**STORED DATA**:
------------------------------------------------------------------------
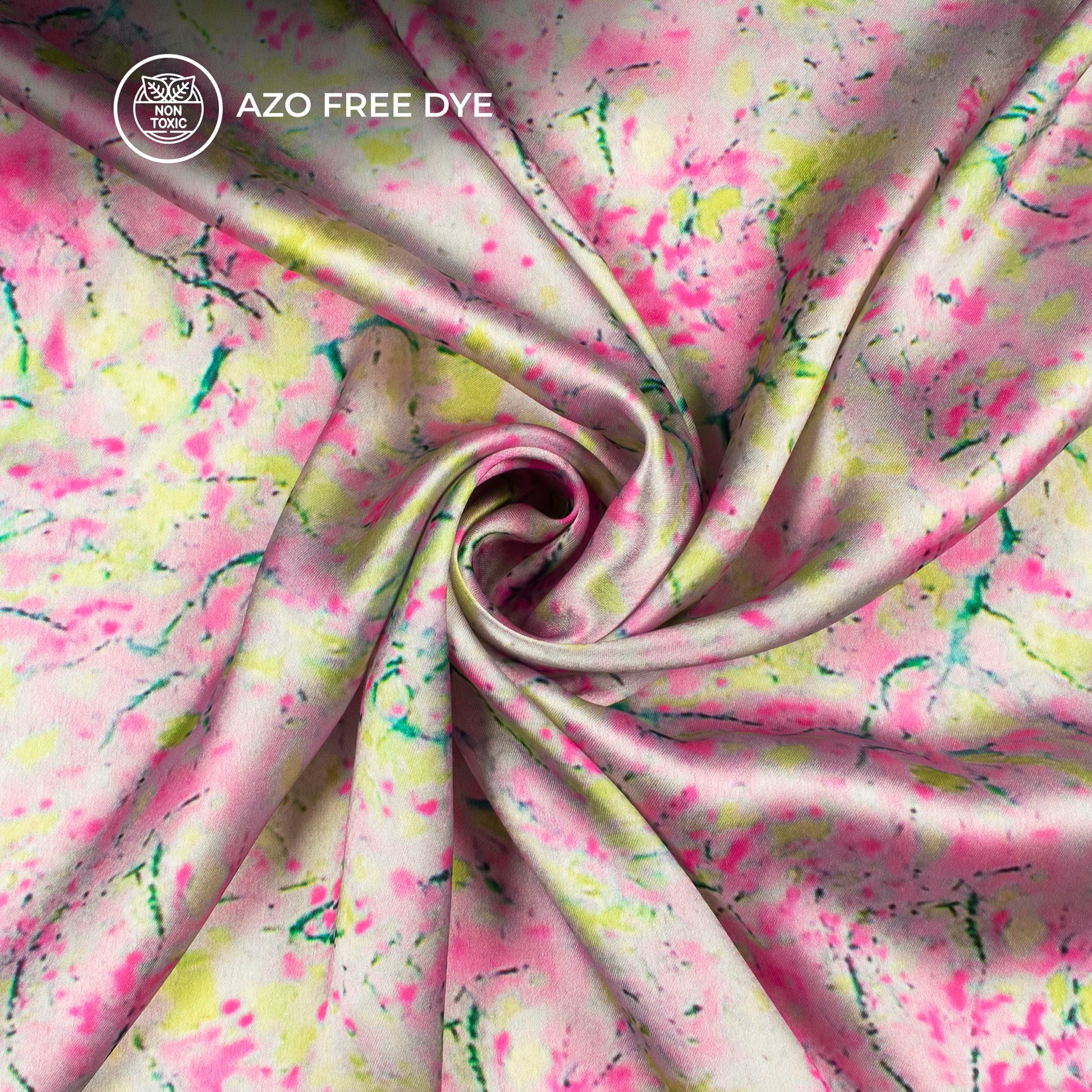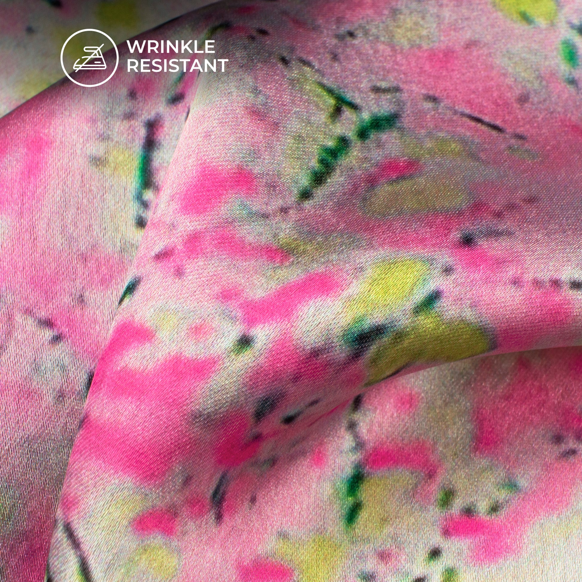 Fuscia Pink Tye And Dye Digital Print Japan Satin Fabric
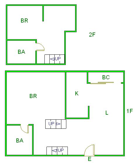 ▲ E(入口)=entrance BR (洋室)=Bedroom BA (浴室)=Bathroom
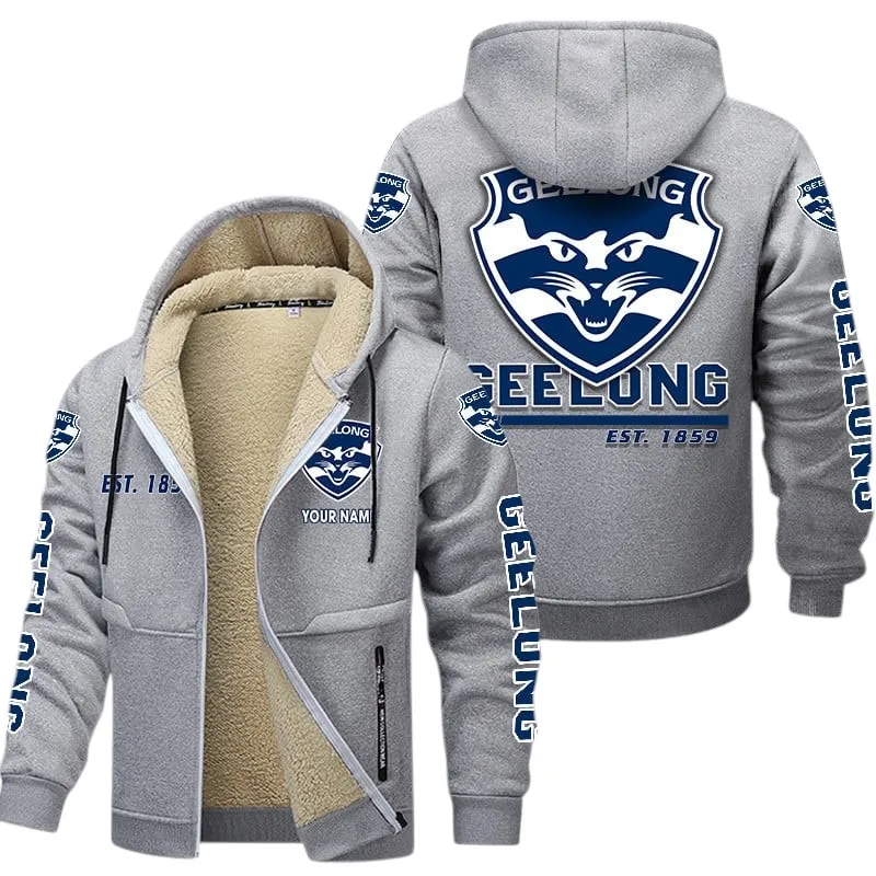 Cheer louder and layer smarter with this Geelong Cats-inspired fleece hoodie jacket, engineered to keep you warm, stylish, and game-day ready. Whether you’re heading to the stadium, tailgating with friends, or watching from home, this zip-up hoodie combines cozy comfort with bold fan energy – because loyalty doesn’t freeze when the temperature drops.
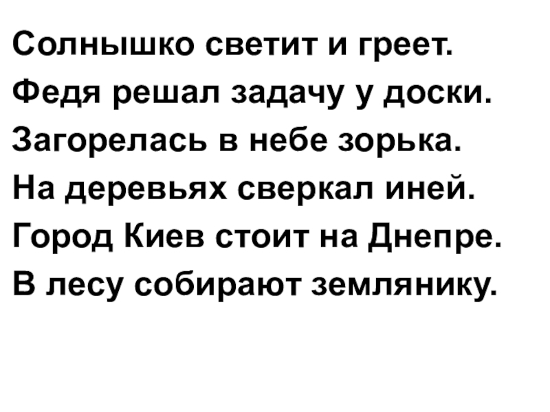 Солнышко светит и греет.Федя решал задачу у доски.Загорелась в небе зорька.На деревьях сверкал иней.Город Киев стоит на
------------------------------------------------------------------------
Output everything in the material exactly. Pictures stay out of it.

**TASK RESPONSE**:
 Fuscia Pink Tye And Dye Digital Print Japan Satin Fabric
 ▲ E(入口)=entrance BR (洋室)=Bedroom BA (浴室)=Bathroom
 Cheer louder and layer smarter with this Geelong Cats-inspired fleece hoodie jacket, engineered to keep you warm, stylish, and game-day ready. Whether you’re heading to the stadium, tailgating with friends, or watching from home, this zip-up hoodie combines cozy comfort with bold fan energy – because loyalty doesn’t freeze when the temperature drops.
 Солнышко светит и греет.Федя решал задачу у доски.Загорелась в небе зорька.На деревьях сверкал иней.Город Киев стоит на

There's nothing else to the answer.